# PROBLEM REQUIREMENTS
Once the pictures are set aside, copy the data below exactly as it stands.

# DATA SECTION
..........
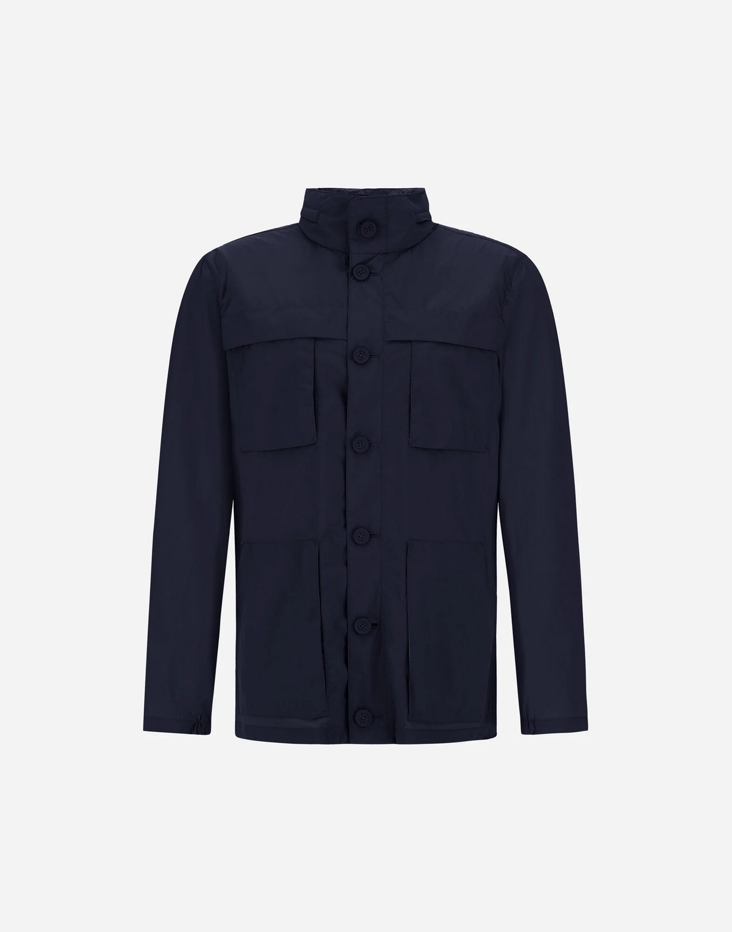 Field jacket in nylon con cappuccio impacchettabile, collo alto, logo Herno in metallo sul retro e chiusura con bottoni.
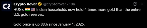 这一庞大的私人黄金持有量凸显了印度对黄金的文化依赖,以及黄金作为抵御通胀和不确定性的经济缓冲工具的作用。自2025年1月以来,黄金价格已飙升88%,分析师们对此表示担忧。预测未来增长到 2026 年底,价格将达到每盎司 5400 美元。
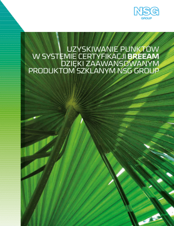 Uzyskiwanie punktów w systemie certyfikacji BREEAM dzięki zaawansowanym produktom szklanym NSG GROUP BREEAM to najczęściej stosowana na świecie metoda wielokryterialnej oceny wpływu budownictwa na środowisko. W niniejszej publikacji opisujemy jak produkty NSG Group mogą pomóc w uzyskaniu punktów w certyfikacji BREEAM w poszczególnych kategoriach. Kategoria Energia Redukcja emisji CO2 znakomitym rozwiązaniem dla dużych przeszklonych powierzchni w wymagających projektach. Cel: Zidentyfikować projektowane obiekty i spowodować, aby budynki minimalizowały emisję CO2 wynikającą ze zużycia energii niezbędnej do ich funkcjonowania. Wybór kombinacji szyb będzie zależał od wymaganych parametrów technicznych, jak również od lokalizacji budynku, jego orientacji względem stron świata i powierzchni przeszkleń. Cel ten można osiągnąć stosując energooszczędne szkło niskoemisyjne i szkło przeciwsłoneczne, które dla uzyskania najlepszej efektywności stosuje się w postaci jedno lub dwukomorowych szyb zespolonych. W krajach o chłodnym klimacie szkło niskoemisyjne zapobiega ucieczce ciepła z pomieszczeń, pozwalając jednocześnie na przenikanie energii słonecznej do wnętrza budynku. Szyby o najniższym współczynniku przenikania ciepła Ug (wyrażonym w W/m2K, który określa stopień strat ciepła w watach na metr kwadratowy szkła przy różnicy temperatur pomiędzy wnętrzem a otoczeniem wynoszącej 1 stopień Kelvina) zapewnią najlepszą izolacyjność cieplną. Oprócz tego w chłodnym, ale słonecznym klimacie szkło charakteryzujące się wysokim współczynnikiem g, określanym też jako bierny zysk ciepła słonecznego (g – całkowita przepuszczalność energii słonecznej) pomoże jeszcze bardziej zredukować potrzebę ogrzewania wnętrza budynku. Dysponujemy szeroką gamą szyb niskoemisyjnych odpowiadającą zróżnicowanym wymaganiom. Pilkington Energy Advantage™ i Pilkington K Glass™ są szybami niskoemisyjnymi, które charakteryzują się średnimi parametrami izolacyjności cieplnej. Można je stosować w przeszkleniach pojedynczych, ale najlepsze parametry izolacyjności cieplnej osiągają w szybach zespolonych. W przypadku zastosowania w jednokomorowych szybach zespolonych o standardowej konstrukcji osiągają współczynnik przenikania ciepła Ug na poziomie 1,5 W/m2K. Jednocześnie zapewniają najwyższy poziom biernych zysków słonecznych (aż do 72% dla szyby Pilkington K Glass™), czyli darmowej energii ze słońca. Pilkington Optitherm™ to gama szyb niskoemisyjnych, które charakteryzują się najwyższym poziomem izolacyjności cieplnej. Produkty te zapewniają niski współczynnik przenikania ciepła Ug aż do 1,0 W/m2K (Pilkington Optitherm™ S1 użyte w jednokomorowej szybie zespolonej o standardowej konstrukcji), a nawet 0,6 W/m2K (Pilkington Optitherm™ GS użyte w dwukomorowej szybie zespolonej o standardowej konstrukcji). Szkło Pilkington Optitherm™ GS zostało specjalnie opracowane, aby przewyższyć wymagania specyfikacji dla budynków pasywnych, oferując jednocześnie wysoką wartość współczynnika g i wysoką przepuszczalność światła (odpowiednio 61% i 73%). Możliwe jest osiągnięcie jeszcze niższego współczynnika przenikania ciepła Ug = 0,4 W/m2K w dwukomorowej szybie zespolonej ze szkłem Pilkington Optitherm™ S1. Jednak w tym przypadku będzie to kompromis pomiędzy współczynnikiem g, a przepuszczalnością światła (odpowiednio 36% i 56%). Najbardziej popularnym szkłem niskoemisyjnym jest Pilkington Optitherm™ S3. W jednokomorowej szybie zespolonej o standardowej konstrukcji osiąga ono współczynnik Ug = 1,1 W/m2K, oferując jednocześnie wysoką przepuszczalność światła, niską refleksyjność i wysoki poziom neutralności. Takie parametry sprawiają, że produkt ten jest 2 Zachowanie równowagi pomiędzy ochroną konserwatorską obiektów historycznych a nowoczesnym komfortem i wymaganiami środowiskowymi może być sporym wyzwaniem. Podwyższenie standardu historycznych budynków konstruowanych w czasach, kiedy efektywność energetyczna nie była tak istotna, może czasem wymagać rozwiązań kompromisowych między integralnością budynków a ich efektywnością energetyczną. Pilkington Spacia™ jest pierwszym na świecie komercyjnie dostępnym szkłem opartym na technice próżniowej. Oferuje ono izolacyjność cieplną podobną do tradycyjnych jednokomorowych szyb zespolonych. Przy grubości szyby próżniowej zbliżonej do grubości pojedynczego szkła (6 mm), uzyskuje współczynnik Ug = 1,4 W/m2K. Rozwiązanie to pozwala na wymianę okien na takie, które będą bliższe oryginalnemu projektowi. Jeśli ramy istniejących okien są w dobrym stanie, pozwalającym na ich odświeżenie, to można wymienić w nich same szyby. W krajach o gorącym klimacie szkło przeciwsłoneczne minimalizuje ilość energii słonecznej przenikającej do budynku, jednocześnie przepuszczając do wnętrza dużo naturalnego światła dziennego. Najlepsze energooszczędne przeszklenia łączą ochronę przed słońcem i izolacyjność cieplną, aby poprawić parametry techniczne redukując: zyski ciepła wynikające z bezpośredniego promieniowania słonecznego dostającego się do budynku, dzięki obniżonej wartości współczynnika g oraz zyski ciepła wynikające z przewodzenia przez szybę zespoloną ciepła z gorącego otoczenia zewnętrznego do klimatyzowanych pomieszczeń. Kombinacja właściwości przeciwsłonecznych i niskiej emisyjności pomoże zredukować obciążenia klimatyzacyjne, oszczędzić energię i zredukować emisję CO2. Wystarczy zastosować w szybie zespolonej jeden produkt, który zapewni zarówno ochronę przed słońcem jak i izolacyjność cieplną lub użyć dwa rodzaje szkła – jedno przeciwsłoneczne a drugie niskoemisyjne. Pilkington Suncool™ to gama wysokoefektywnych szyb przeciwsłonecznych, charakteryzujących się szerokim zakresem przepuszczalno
..........
# RESPONSE TO THIS EXERCISE
 Field jacket in nylon con cappuccio impacchettabile, collo alto, logo Herno in metallo sul retro e chiusura con bottoni.
 这一庞大的私人黄金持有量凸显了印度对黄金的文化依赖,以及黄金作为抵御通胀和不确定性的经济缓冲工具的作用。自2025年1月以来,黄金价格已飙升88%,分析师们对此表示担忧。预测未来增长到 2026 年底,价格将达到每盎司 5400 美元。
 Uzyskiwanie punktów w systemie certyfikacji BREEAM dzięki zaawansowanym produktom szklanym NSG GROUP BREEAM to najczęściej stosowana na świecie metoda wielokryterialnej oceny wpływu budownictwa na środowisko. W niniejszej publikacji opisujemy jak produkty NSG Group mogą pomóc w uzyskaniu punktów w certyfikacji BREEAM w poszczególnych kategoriach. Kategoria Energia Redukcja emisji CO2 znakomitym rozwiązaniem dla dużych przeszklonych powierzchni w wymagających projektach. Cel: Zidentyfikować projektowane obiekty i spowodować, aby budynki minimalizowały emisję CO2 wynikającą ze zużycia energii niezbędnej do ich funkcjonowania. Wybór kombinacji szyb będzie zależał od wymaganych parametrów technicznych, jak również od lokalizacji budynku, jego orientacji względem stron świata i powierzchni przeszkleń. Cel ten można osiągnąć stosując energooszczędne szkło niskoemisyjne i szkło przeciwsłoneczne, które dla uzyskania najlepszej efektywności stosuje się w postaci jedno lub dwukomorowych szyb zespolonych. W krajach o chłodnym klimacie szkło niskoemisyjne zapobiega ucieczce ciepła z pomieszczeń, pozwalając jednocześnie na przenikanie energii słonecznej do wnętrza budynku. Szyby o najniższym współczynniku przenikania ciepła Ug (wyrażonym w W/m2K, który określa stopień strat ciepła w watach na metr kwadratowy szkła przy różnicy temperatur pomiędzy wnętrzem a otoczeniem wynoszącej 1 stopień Kelvina) zapewnią najlepszą izolacyjność cieplną. Oprócz tego w chłodnym, ale słonecznym klimacie szkło charakteryzujące się wysokim współczynnikiem g, określanym też jako bierny zysk ciepła słonecznego (g – całkowita przepuszczalność energii słonecznej) pomoże jeszcze bardziej zredukować potrzebę ogrzewania wnętrza budynku. Dysponujemy szeroką gamą szyb niskoemisyjnych odpowiadającą zróżnicowanym wymaganiom. Pilkington Energy Advantage™ i Pilkington K Glass™ są szybami niskoemisyjnymi, które charakteryzują się średnimi parametrami izolacyjności cieplnej. Można je stosować w przeszkleniach pojedynczych, ale najlepsze parametry izolacyjności cieplnej osiągają w szybach zespolonych. W przypadku zastosowania w jednokomorowych szybach zespolonych o standardowej konstrukcji osiągają współczynnik przenikania ciepła Ug na poziomie 1,5 W/m2K. Jednocześnie zapewniają najwyższy poziom biernych zysków słonecznych (aż do 72% dla szyby Pilkington K Glass™), czyli darmowej energii ze słońca. Pilkington Optitherm™ to gama szyb niskoemisyjnych, które charakteryzują się najwyższym poziomem izolacyjności cieplnej. Produkty te zapewniają niski współczynnik przenikania ciepła Ug aż do 1,0 W/m2K (Pilkington Optitherm™ S1 użyte w jednokomorowej szybie zespolonej o standardowej konstrukcji), a nawet 0,6 W/m2K (Pilkington Optitherm™ GS użyte w dwukomorowej szybie zespolonej o standardowej konstrukcji). Szkło Pilkington Optitherm™ GS zostało specjalnie opracowane, aby przewyższyć wymagania specyfikacji dla budynków pasywnych, oferując jednocześnie wysoką wartość współczynnika g i wysoką przepuszczalność światła (odpowiednio 61% i 73%). Możliwe jest osiągnięcie jeszcze niższego współczynnika przenikania ciepła Ug = 0,4 W/m2K w dwukomorowej szybie zespolonej ze szkłem Pilkington Optitherm™ S1. Jednak w tym przypadku będzie to kompromis pomiędzy współczynnikiem g, a przepuszczalnością światła (odpowiednio 36% i 56%). Najbardziej popularnym szkłem niskoemisyjnym jest Pilkington Optitherm™ S3. W jednokomorowej szybie zespolonej o standardowej konstrukcji osiąga ono współczynnik Ug = 1,1 W/m2K, oferując jednocześnie wysoką przepuszczalność światła, niską refleksyjność i wysoki poziom neutralności. Takie parametry sprawiają, że produkt ten jest 2 Zachowanie równowagi pomiędzy ochroną konserwatorską obiektów historycznych a nowoczesnym komfortem i wymaganiami środowiskowymi może być sporym wyzwaniem. Podwyższenie standardu historycznych budynków konstruowanych w czasach, kiedy efektywność energetyczna nie była tak istotna, może czasem wymagać rozwiązań kompromisowych między integralnością budynków a ich efektywnością energetyczną. Pilkington Spacia™ jest pierwszym na świecie komercyjnie dostępnym szkłem opartym na technice próżniowej. Oferuje ono izolacyjność cieplną podobną do tradycyjnych jednokomorowych szyb zespolonych. Przy grubości szyby próżniowej zbliżonej do grubości pojedynczego szkła (6 mm), uzyskuje współczynnik Ug = 1,4 W/m2K. Rozwiązanie to pozwala na wymianę okien na takie, które będą bliższe oryginalnemu projektowi. Jeśli ramy istniejących okien są w dobrym stanie, pozwalającym na ich odświeżenie, to można wymienić w nich same szyby. W krajach o gorącym klimacie szkło przeciwsłoneczne minimalizuje ilość energii słonecznej przenikającej do budynku, jednocześnie przepuszczając do wnętrza dużo naturalnego światła dziennego. Najlepsze energooszczędne przeszklenia łączą ochronę przed słońcem i izolacyjność cieplną, aby poprawić parametry techniczne redukując: zyski ciepła wynikające z bezpośredniego promieniowania słonecznego dostającego się do budynku, dzięki obniżonej wartości współczynnika g oraz zyski ciepła wynikające z przewodzenia przez szybę zespoloną ciepła z gorącego otoczenia zewnętrznego do klimatyzowanych pomieszczeń. Kombinacja właściwości przeciwsłonecznych i niskiej emisyjności pomoże zredukować obciążenia klimatyzacyjne, oszczędzić energię i zredukować emisję CO2. Wystarczy zastosować w szybie zespolonej jeden produkt, który zapewni zarówno ochronę przed słońcem jak i izolacyjność cieplną lub użyć dwa rodzaje szkła – jedno przeciwsłoneczne a drugie niskoemisyjne. Pilkington Suncool™ to gama wysokoefektywnych szyb przeciwsłonecznych, charakteryzujących się szerokim zakresem przepuszczalno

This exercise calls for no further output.